Transcribe every entry verbatim; omit pictures.

§ **Source data**:
══════════
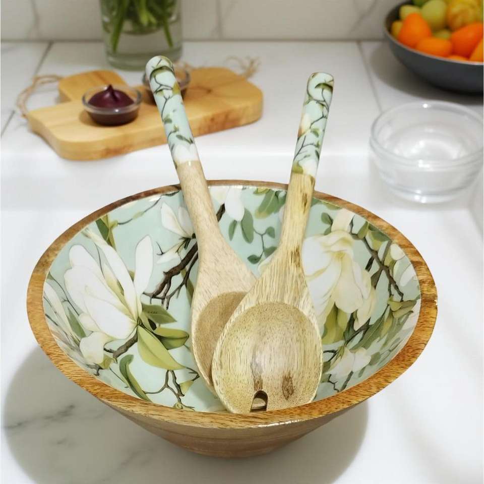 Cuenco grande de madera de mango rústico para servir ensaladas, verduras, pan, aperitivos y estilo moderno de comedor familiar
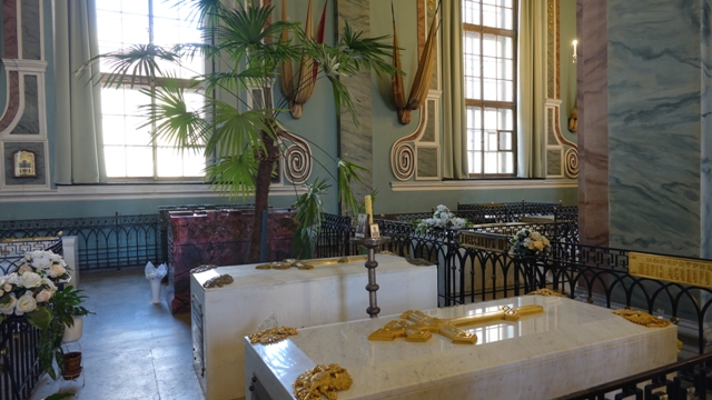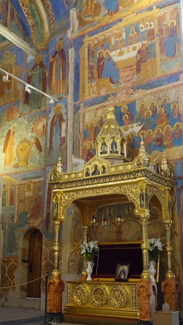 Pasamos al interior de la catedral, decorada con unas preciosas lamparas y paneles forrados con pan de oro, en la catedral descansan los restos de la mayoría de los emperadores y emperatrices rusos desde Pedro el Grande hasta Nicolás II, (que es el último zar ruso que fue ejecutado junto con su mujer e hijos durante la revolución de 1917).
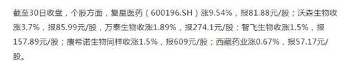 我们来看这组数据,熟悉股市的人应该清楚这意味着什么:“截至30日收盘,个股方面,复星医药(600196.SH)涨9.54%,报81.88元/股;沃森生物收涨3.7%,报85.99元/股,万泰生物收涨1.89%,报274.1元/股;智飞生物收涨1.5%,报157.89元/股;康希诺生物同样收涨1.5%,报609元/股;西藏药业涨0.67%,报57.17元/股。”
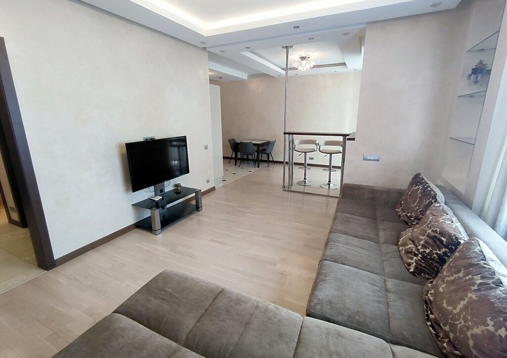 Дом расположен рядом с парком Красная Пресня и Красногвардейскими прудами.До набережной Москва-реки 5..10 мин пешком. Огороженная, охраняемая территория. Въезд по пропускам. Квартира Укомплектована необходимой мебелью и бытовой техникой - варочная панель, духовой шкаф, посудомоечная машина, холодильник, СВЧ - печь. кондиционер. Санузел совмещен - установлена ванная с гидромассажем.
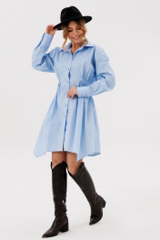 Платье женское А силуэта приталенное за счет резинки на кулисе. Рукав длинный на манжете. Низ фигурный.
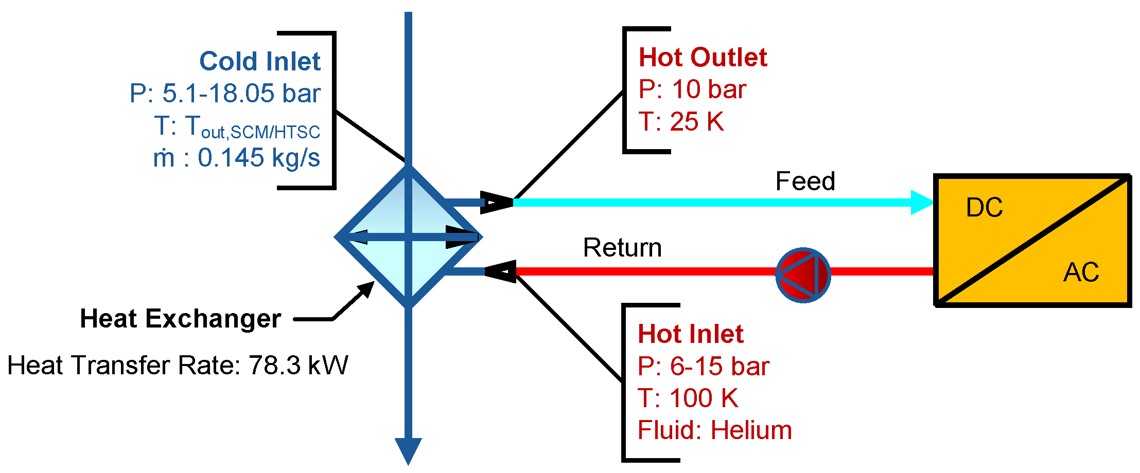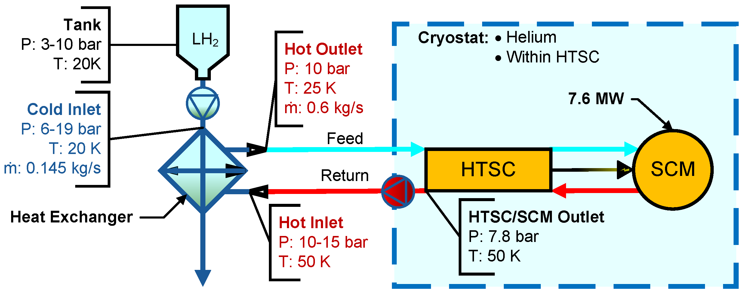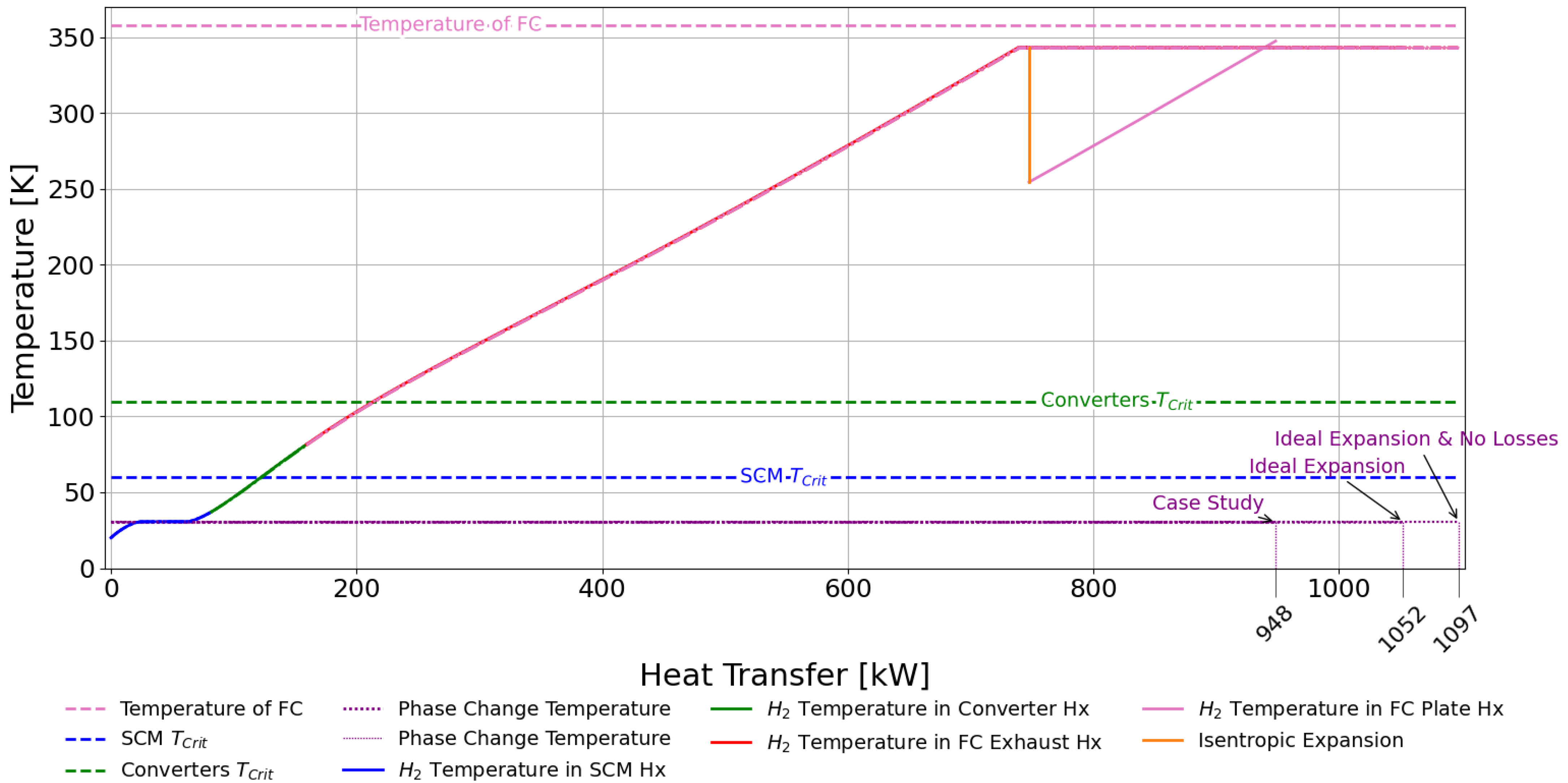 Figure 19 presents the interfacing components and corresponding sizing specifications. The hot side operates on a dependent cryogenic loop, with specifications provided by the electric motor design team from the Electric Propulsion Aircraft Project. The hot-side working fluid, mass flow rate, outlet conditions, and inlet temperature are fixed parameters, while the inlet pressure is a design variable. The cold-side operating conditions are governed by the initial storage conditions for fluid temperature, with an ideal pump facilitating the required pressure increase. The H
══════════
§ **Task response**:
 Cuenco grande de madera de mango rústico para servir ensaladas, verduras, pan, aperitivos y estilo moderno de comedor familiar
 Pasamos al interior de la catedral, decorada con unas preciosas lamparas y paneles forrados con pan de oro, en la catedral descansan los restos de la mayoría de los emperadores y emperatrices rusos desde Pedro el Grande hasta Nicolás II, (que es el último zar ruso que fue ejecutado junto con su mujer e hijos durante la revolución de 1917).
 我们来看这组数据,熟悉股市的人应该清楚这意味着什么:“截至30日收盘,个股方面,复星医药(600196.SH)涨9.54%,报81.88元/股;沃森生物收涨3.7%,报85.99元/股,万泰生物收涨1.89%,报274.1元/股;智飞生物收涨1.5%,报157.89元/股;康希诺生物同样收涨1.5%,报609元/股;西藏药业涨0.67%,报57.17元/股。”
 Дом расположен рядом с парком Красная Пресня и Красногвардейскими прудами.До набережной Москва-реки 5..10 мин пешком. Огороженная, охраняемая территория. Въезд по пропускам. Квартира Укомплектована необходимой мебелью и бытовой техникой - варочная панель, духовой шкаф, посудомоечная машина, холодильник, СВЧ - печь. кондиционер. Санузел совмещен - установлена ванная с гидромассажем.
 Платье женское А силуэта приталенное за счет резинки на кулисе. Рукав длинный на манжете. Низ фигурный.
 Figure 19 presents the interfacing components and corresponding sizing specifications. The hot side operates on a dependent cryogenic loop, with specifications provided by the electric motor design team from the Electric Propulsion Aircraft Project. The hot-side working fluid, mass flow rate, outlet conditions, and inlet temperature are fixed parameters, while the inlet pressure is a design variable. The cold-side operating conditions are governed by the initial storage conditions for fluid temperature, with an ideal pump facilitating the required pressure increase. The H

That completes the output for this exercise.